Bob Dylan at the United Center

By Mark Guarino

At age 60, Bob Dylan’s endurance as a vital artist has not slacked. The audience at his show Saturday night at the United Center was filled with more twentysomethings than his own peers. And his setlist — early century Americana to songs off his latest album — remained frightfully relevant and, you suspected, will so long after he’s gone. As long as there are bumbling con men turning tricks in boardrooms and in bedrooms, Dylan’s three decade-old catalog will never weaken.

There’s a unnerving comfort in knowing that Dylan is in the midst of crawling across the America on tour while U.S. bombs slaughter Afghanistan’s countryside. His landmark songs from the Vietnam era revived their sense of purpose and Dylan and his four-member band played them with no less emotional urgency.

Rotating between acoustic and electric sets, Dylan returned to songs that both sought spiritual solace and railed against institutional ignorance. The second song of the night was his monumental protest song, “The Times They Are A-Changin’.” Over three decades old, it was enunciated so fully by Dylan, it sounded as if written last night. The band performed it mournfully until Dylan — dressed as a professional card shark in a black suit with silver tailoring — lifted his leg, outstretched one arm and blew through a flinty harmonica solo.

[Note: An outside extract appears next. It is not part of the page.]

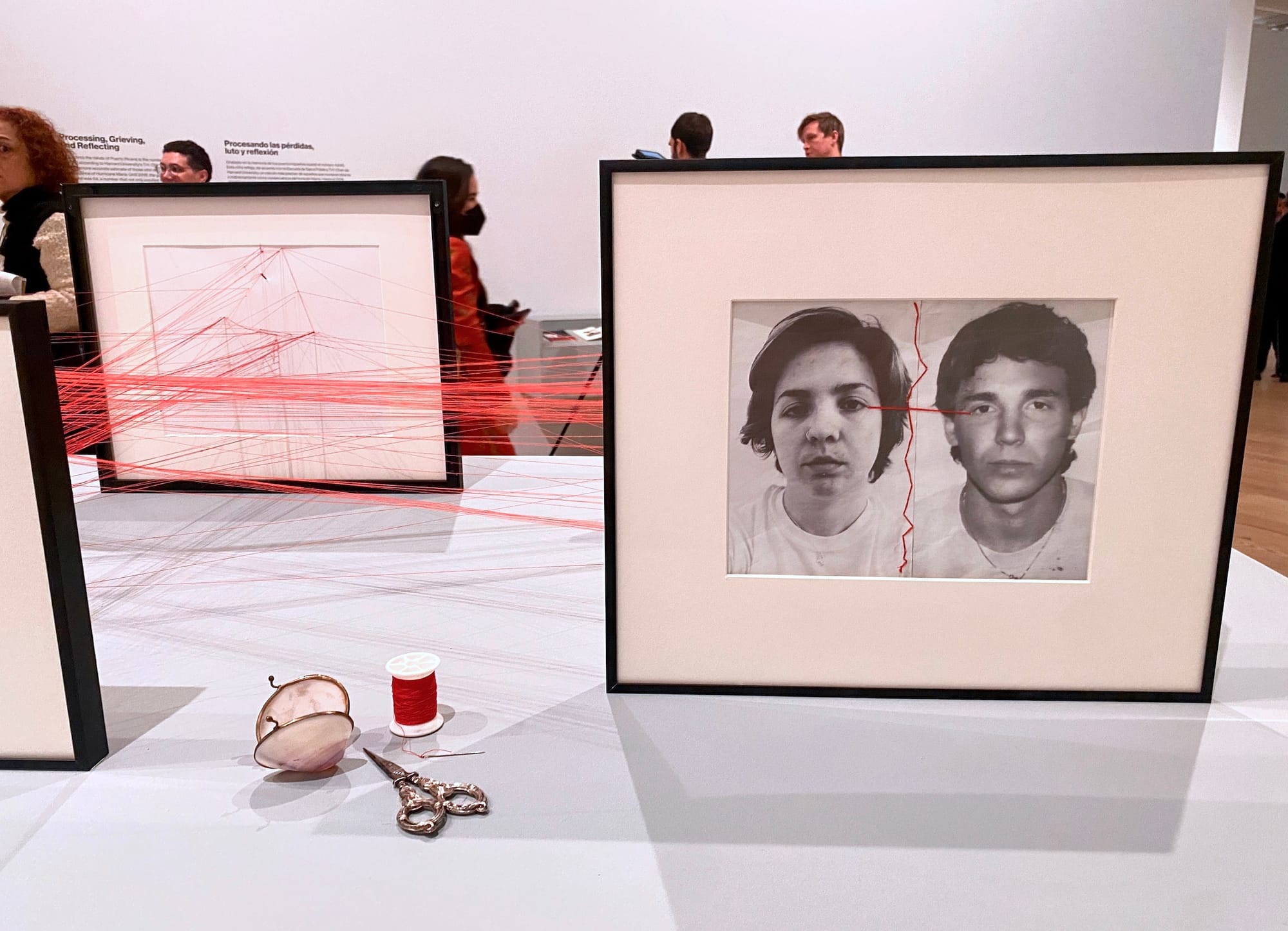 The exhibition is loosely organized into four sections centered on physical infrastructure, political protest, grief and loss, and the environment. As in the real world, though, no formal boundaries separate them; rather, they bleed into each other in a dizzy, inescapable continuum. Yiyo Tirado Rivera’s “La Concha” (2022), from his series of sandcastles of iconic modernist hotels, recreates a tropicalia relic. The sculpture is meant to gradually collapse into a pile of sand during the run of the show, invoking the hazards of coastal erosion as well as the tenuous mirage of the Caribbean’s tourism sector. Gabriella N. Báez’s “Ojalá nos encontremos en el mar” (“Hopefully We’ll Meet at Sea)” (2018–), a stirring installation of threaded photographs connecting the artist and her father, who died by suicide in 2018, is a gesture of remembrance as well as an act of resistance against a state that left vulnerable individuals to fend for themselves in the wake of the storm.

Early on in the set were two early century country songs that seemed especially hand-picked for today’s headlines. Dylan opened the show with the spiritual “Wait For The Light To Shine,” a hit for Hank Williams. Following later was “Searching For a Soldier’s Grave.” Featuring multi-instrumentalist Larry Campbell’s melancholy mandolin and the band’s three-piece harmonies, the song was the show’s most tender moment.

But the most poignancy of the night came when Dylan played his mighty rock songs decrying hypocrisy and the unquenchable appetite for war. Reworking “It’s Alright Ma, I’m Only Bleeding” into an ominous shuffle raised his voice for the single line, “even the President of the United States has to stand naked.” Similarly, “Masters of War” sounded especially menacing while “You Gotta Serve Somebody” was ravaged and raw.

“High Water,” the best of his new songs, turned a Delta river flood into a metaphor for chaotic times. After zipping through some jump blues, Dylan and band brought the stadium to silence. “Sugar Baby,” a new song they played with barely any instrumentation, was quietly paused as Dylan sang the line, “every moment of existence feels like some dirty trick/happiness can come suddenly and leave us quick.” Again, the songwriter was right on the money.